First, set clear guardrails. Engagement with China should be explicitly off the table in critical infrastructure, advanced semiconductors and other dual-use technologies, sensitive data, telecommunications, defence supply chains, and research with direct security applications. Investment screening, procurement rules, and research partnership guidelines must be aligned and backed by credible enforcement.

Second, define narrow lanes for cooperation. Climate transition, public health, and agri-food exports are areas on which engagement with China can advance Canadian and global interests. But engagement must proceed only with a clear-eyed understanding of Chinese Communist Party policy and vigilance against conditionality—and without self-compromise on Canada’s values.

Third, in an atmosphere where Beijing will be exploiting America’s self-isolation, continue de-risking from both China and the United States. Over-reliance on any single buyer or market exposes exporters to sudden shocks. Pursuing market openings in China must go hand-in-hand with accelerating diversification into other Indo-Pacific and European markets. The lessons from our experience with canola are a stark reminder: when over 60 per cent of exports flow to one buyer, painful disruption is only a matter of time.

Full decoupling from the world’s second-largest economy is neither feasible nor desirable. However, a full embrace would be naïve, as the deepening of economic ties with Beijing carries real risks.

Fourth, balance exporters’ needs with national and economic security. Advocating for market access in China must be backed by a clear industrial strategy at home—one that prioritizes certain sectors, especially in advanced technologies, accelerates permits, modernizes infrastructure, scales skills, and deploys targeted capital. The goal is straightforward: build competitiveness today to ensure Canada remains a strong industrialized economy tomorrow.

Fifth, reinforce coalitions. Canada’s leverage grows when acting with partners who share its interests, like Japan, South Korea, Australia, the Philippines, New Zealand, Taiwan, the U.S., EU and U.K., and willing ASEAN states.
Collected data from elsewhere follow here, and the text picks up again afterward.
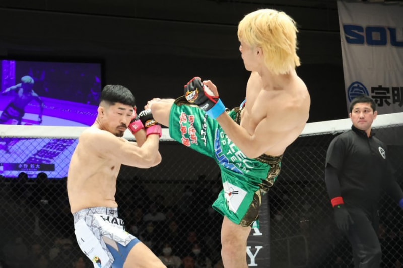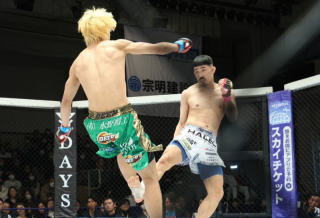 1R、両者サウスポーで向き合う。上背でまさる水野が右ジャブを伸ばすが、芦田はそこに左クロスを合わせ、ローキックでもとらえる。左パンチを当てていた芦田だが、水野が飛びヒザからの右フックでダウンを奪い、組みついて来る芦田をパウンドで攻める。芦田はタックルに形を変え組みつくが、水野はそこに鉄槌を連打。ダメージを見てレフェリーが試合を止めた。
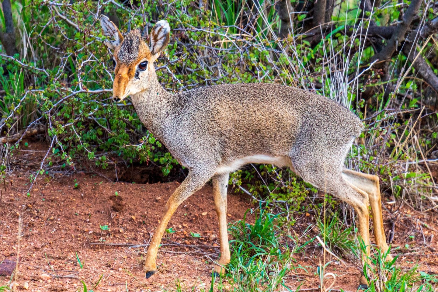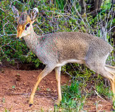 Meet the dik-dik — one of the smallest antelopes in Africa, and arguably the most charming. This one was spotted in the bush at Lewa Conservancy, Kenya, October 2019. Standing only about 16 inches tall at the shoulder, dik-diks are monogamous and mate for life, which somehow seems fitting for an animal this endearing. The name comes from the alarm call the female makes when startled — a sharp, repeated "dik-dik" sound.
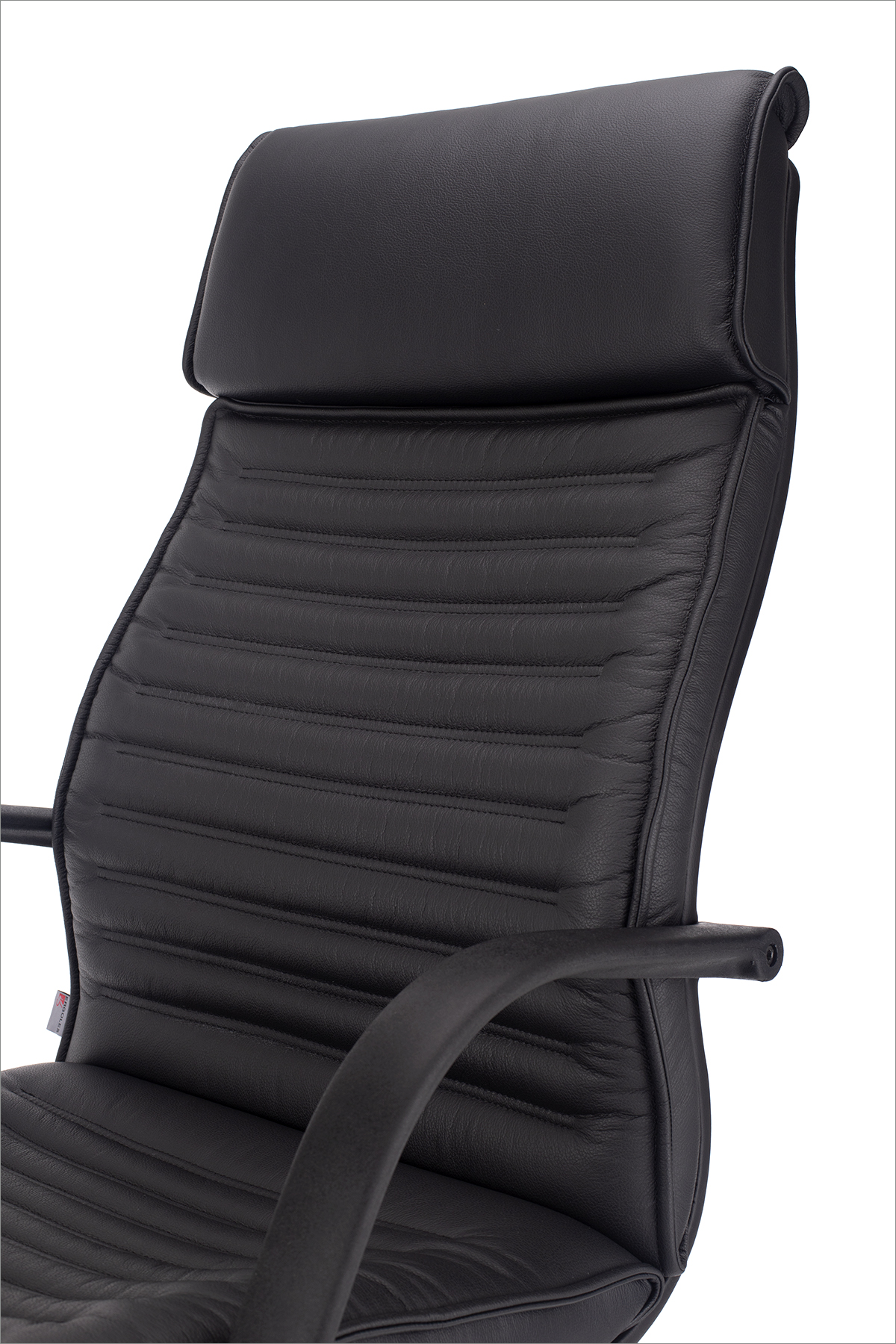 Vrhunski nastavljiv vzglavnik, tapeciran v pravo črno usnje, omogoča individualno prilagoditev glede na višino uporabnika in želeno podporo vratu.

Small, purpose-built groupings can align export controls, co-finance projects, share early warnings on coercion, and set interoperable clean-tech standards.

Finally, invest in our China competence. Since Canada launched its Indo-Pacific Strategy, federal and provincial governments have built more capacity to understand and navigate China. These efforts must continue, building deeper expertise among members of government, business, and civil society alike.
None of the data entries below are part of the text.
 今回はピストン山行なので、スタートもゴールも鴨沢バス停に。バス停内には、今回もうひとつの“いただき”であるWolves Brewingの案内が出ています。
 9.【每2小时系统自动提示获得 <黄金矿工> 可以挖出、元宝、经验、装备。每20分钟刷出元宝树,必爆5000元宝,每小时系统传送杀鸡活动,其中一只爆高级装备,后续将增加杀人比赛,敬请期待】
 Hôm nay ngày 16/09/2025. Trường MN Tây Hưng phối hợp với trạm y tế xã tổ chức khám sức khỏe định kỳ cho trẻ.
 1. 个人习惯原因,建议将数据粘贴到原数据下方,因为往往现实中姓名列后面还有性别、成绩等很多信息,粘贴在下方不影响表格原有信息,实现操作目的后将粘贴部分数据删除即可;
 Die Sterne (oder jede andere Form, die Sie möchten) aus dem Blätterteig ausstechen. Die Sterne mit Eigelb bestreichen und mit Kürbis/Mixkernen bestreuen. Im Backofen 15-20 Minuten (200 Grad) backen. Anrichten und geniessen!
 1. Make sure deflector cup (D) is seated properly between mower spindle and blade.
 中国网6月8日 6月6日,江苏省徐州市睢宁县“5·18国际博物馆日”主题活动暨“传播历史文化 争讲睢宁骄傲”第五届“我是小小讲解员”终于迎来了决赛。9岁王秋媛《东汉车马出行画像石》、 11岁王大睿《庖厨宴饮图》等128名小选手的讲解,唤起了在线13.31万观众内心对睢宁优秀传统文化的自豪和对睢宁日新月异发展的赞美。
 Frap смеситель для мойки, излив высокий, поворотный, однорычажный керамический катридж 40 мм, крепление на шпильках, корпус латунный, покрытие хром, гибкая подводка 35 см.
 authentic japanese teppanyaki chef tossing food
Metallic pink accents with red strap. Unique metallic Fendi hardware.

None of this, however, precludes direct diplomacy. Canadian ministers—and the Prime Minister—will need to keep talking with Beijing. At times, these talks will be productive, at others they will be confrontational. Either way, engagement will be necessary but must be based on realism and focus on producing results.

A clear, made-in-Canada China strategy would do three things: protect what matters, engage where our interests truly align, and be on guard against coercive conditionality and issue-linkages imposed by Beijing.

Vina Nadjibulla is the Vice-President of Research & Strategy at the Asia Pacific Foundation of Canada.